Challenges we ran into
- Getting AI to consistently parse complex modifications was harder than expected. "Update my order 1 with 2 more burgers and no fries" has multiple operations that need to be parsed correctly.
- Gemini's function calling documentation was sparse - I initially built manual JSON parsing before discovering it had native function calling support, requiring a complete rewrite.
- FastAPI deployment on Vercel needed specific structuring. Spent too much time debugging CORS issues that turned out to be app startup problems.
- Keeping order IDs consistent during modifications while maintaining data integrity required careful state management.
Accomplishments that we're proud of
- Built a working AI ordering system that actually handles complex requests reliably.
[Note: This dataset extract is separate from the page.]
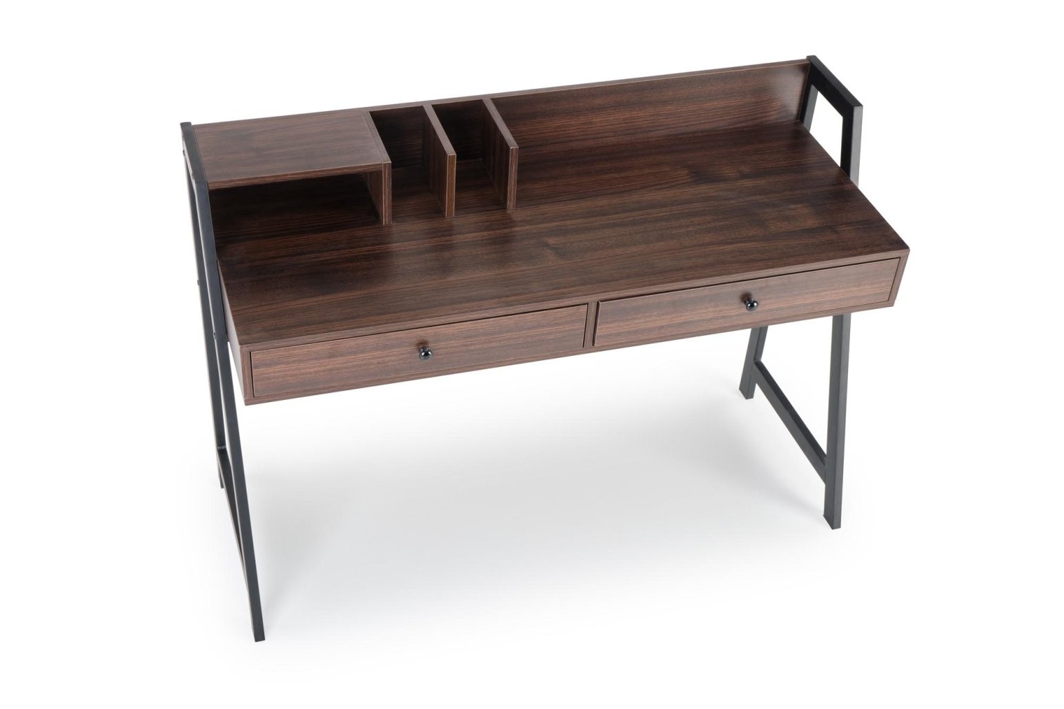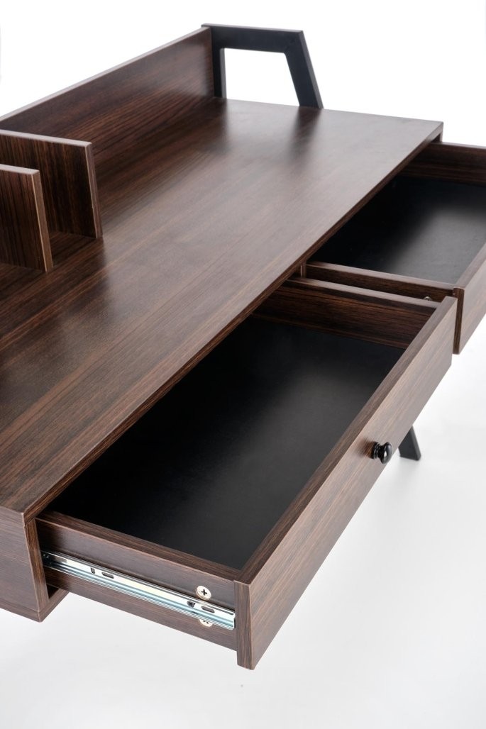 Pisalna miza Ulan z orehovo površino in črnim kovinskim okvirjem je zasnovana za sodoben slog. Idealen kos za domačo ali poslovno uporabo, ki združuje stil in funkcionalnost.

The order modification feature works better than some commercial systems I've used.
- Created clean, maintainable code using functional programming principles. The codebase is genuinely easy to extend and test.
- Successfully abstracted AI providers so switching between OpenAI and Gemini is just a config change.
- Deployed a full-stack application to production with proper error handling.
What we learned
- AI APIs evolve quickly - designing flexible abstractions is crucial when working with rapidly changing technology.
- Functional programming patterns really do make complex state management more predictable and debuggable.
- Deployment architecture should be considered early in development. Some decisions I made for local development created unnecessary complexity in production.
- Natural language processing is only as good as your error handling and user feedback systems.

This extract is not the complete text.